Below, we explore three excellent bubbly options that will liven up any wine list or bar program.

Cava

For those beverage programs looking for the closest equivalent to Champagne, Cava offers an excellent replacement at a great value. Whereas many cheap sparkling wines are mass produced, receiving their effervescence with either force-carbonation or tank fermentation in the Charmat method, Cava production is made utilizing the same method that is used to produce Champagne. This method, known as the Champenoise method, involves individual bottle fermentation, a much more labor intensive process that requires a great deal of personal involvement.

Cava can be produced in a number of regions throughout Spain, but the best known area for Cava production is in the Penedes, an area just outside of Barcelona in the Catalonia region. Cava can be either white or rose, depending on the varieties utilized. The primary three grapes utilized in white Cava are Xarel-lo, Parellada, and Macabeo, with Trepat, Cabernet Sauvignon and Garnacha being blended in to make rose wines.

Much like Champagne, Cava can offer a variety of levels of sweetness, ranging from the syrupy all the way to the austere, bone dry expressions. Additionally, like Champagne, due to the fermentation in bottle, at times many different Cava’s mouthfeel can resemble the flavors presented by the yeasty, brioche, tree fruit driven Champagne wines. Yet while Champagne and Cava share their similarities, there is one staggering difference: the price. While decent bottles of Champagne range between 50-75 dollars, fantastic Cava’s can be found on the market for anywhere between 10-15 dollars, making the wine an excellent by the glass option for a number of restaurant programs.

Prosecco

Another fun Champagne alternative would be Prosecco, a sparkling wine that hails from the Veneto region in Italy. Prosecco is made with the Glera grape and can be made fully sparkling or merely frizzante, or slightly fizzy. Not just relegated to an excellent by the glass option, Prosecco is often a great cocktail topper or a fun alternative to making Mimosas and other sparkling cocktails. The main ingredient in Bellinis, Proseccos are also amazing on their own and can offer fruit forward aromas and a softer, while still fresh palate.

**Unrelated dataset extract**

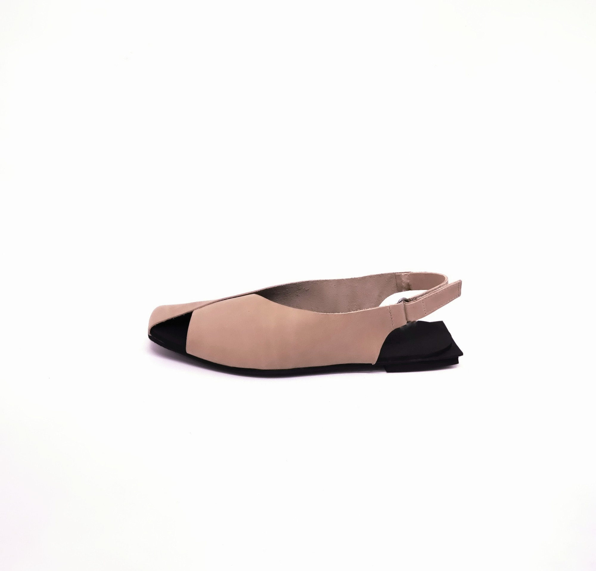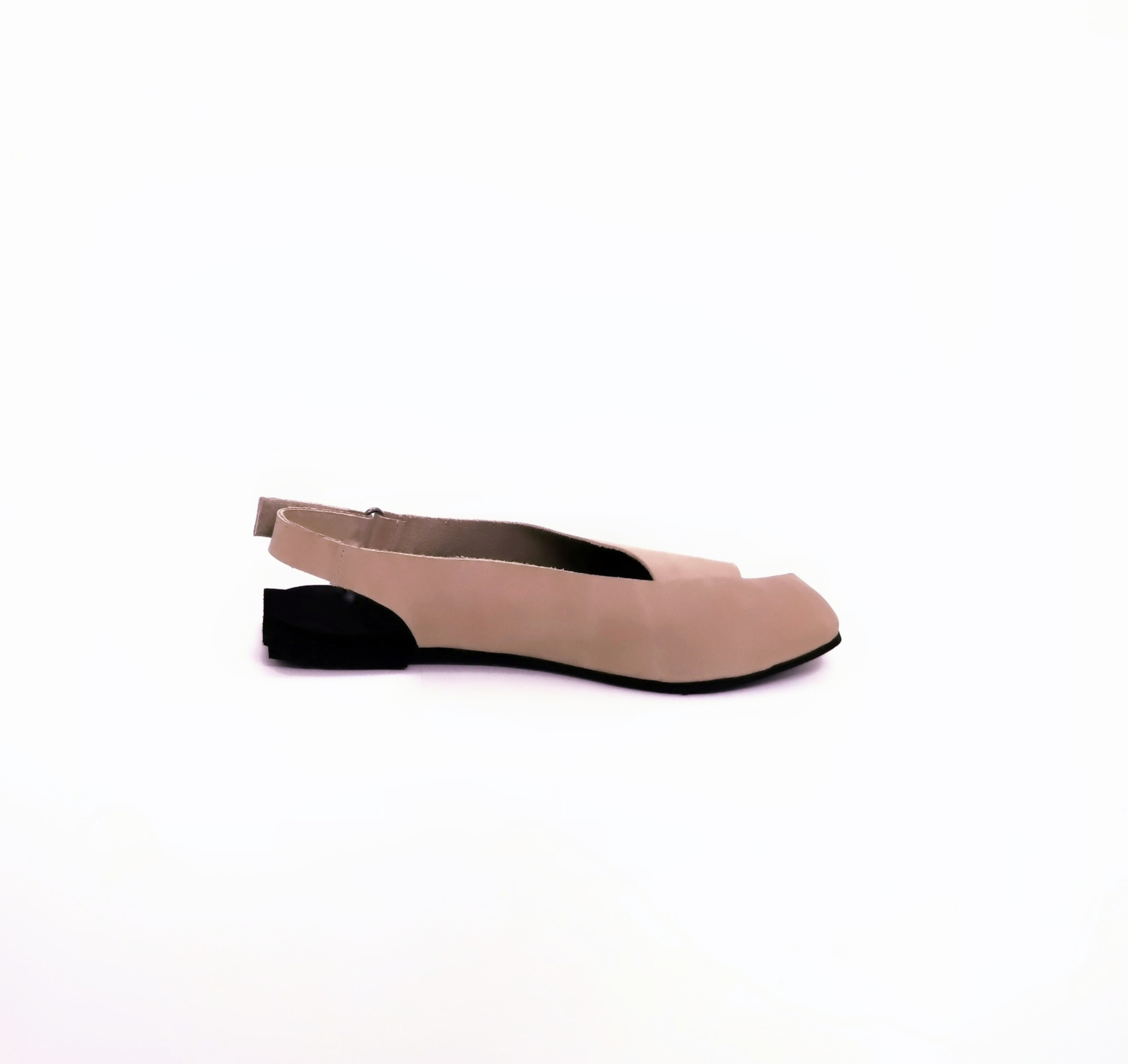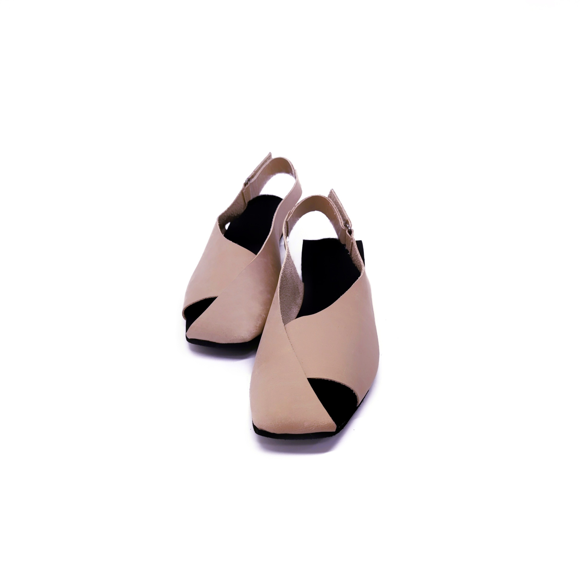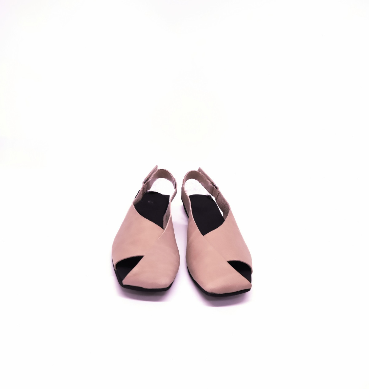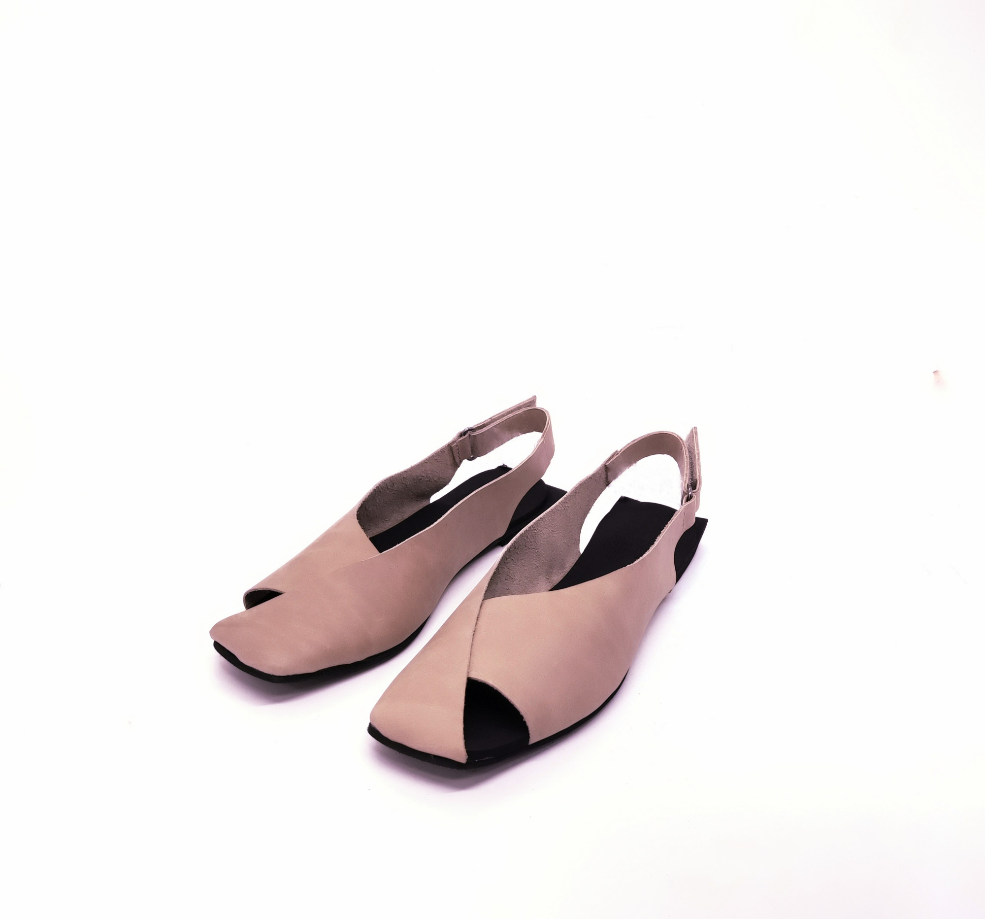 סנדל מרובע שטוח עם רצועה אחורית שנסגרת באמצעות אבזם או סקוץ'. הבוהן הגדולה מוסתרת. רפידת ספוג גומי.

In addition to the more generally known styles of Prosecco that are made on a larger scale utilizing the Charmat method that incorporates tank fermentation, there is also a style of Prosecco known as Col Fondo which are wines that have been bottled with the yeasts to maintain flavor profile and complexity. While these wines could potentially be a bit hazier than their counterparts, the addition of the yeasts within the wine only help to further enhance the unique, flavorful profile that make these wines so special.

Pet-Nat

A bit of a newcomer to the sparkling wine scene, Pet-Nats, short for Petillant Naturel, are actually the oldest form of making sparkling wine. Known also as Method Ancestrale, with Pet Nat wines, there is only one single fermentation to make the wines sparkling, unlike with both the Cava and the Prosecco that saw double fermentation. Instead, Pet-Nats are bottled before fermentation has completed allowing the pressure and CO2 thrown off by fermentation to build inside of each bottle. As such, the wines become naturally sparkling without the need for any other form of manipulation or intrusion.